Opowiedziałam im wszystko. O tym, co czułam do szatyna, o Rose, o naszej przyjaźni.. O wszystkim.
Było mi lżej. Cieszyłam się, że im to powiedziałam. Dziewczyny mnie zrozumiały.
-Czyli jeśli on zerwał z Rose.. - zaczęła Fran - to może byś mu wszystko powiedziała? Dajcie sobie szansę..- mówiła z radością.
-Nie.. On przecież nic do mnie nie czuje. Wyszłabym na idiotkę. - wytłumaczyłam.
-Nie byłabym tego taka pewna... - powiedziała Ludmi. Spojrzałam na nią ze zdziwieniem.
-Nie rozumiem.. - rzekłam
-Kiedy przyjechałaś, Leon bardzo się zmienił. - tłumaczyła - Do czasu, kiedy Rose tutaj nie było, cały czas patrzył na ciebie takim wzrokiem.. - ucięła.
-Jakim wzrokiem? - dopytywałam.
-Jakbyś była bardzo cenna, cała ze złota, najważniejsza dla niego. Jakby jego spojrzenie mogło ochronić cię przed złem... - kiedy Ludmiła to mówiła, moje serce zaczęło szybciej bić. Czy on mógł do mnie coś czuć? Czy fakt, że Rose wróciła do Buenos Aires zmusił go do powrotu do niej?! Może on czekał na mój  ruch?! Przed oczami pojawiły mi się wszystkie chwile spędzone z szatynem..moment , w którym byliśmy tak blisko..kiedy czułam na sobie jego oddech..Ach!

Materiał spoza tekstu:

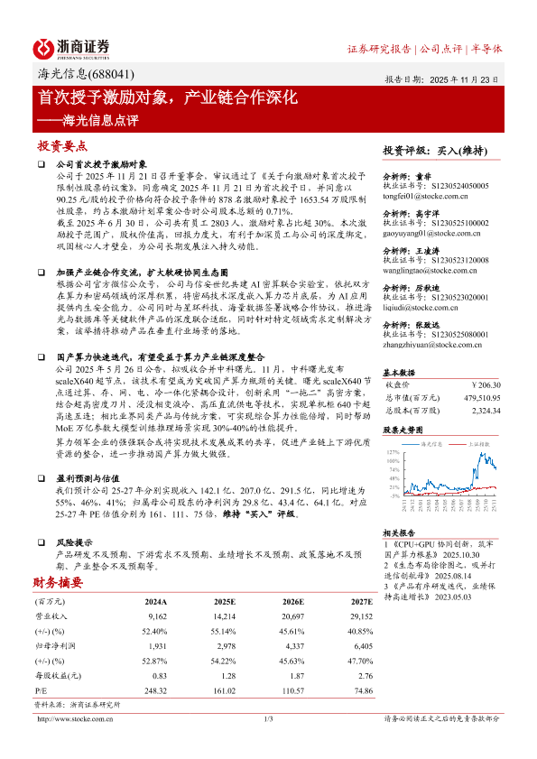 【浙商证券】【202511】首次授予激励对象,产业链合作深化——海光信息点评-3页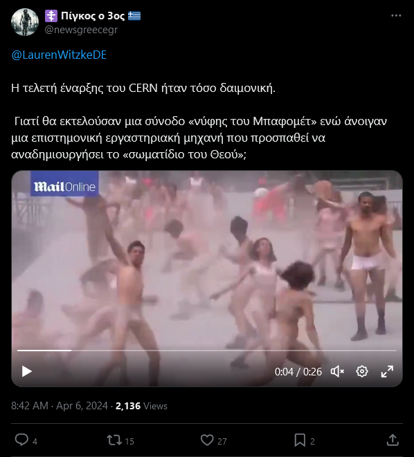 Σε αναρτήσεις στα κοινωνικά δίκτυα, κυκλοφορεί ένα στιγμιότυπο, όπου σύμφωνα με όσους την αναρτούν, υποτίθεται ότι δείχνει την τελετή έναρξης του CERN. Μία από τις αναρτήσεις αυτές, είναι η παρακάτω.

-Ja już sama nie wiem.. - szepnęłam.
-Violetto, decyzja należy do ciebie.- zaczęła Naty - Ale chyba każda z nas uważa, że ty i Leon pasujecie do siebie.
Zaśmiałam się z bezradności. Każda opcja była zła. Każda niosła za sobą ból. Powiem Verdasowi o moich uczuciach do niego, a on nic do mnie nie będzie czuł - ból. Nic mu nie powiem, będę nosiła to w sobie, patrzyła na jego szczęście z inną dziewczyną - ból.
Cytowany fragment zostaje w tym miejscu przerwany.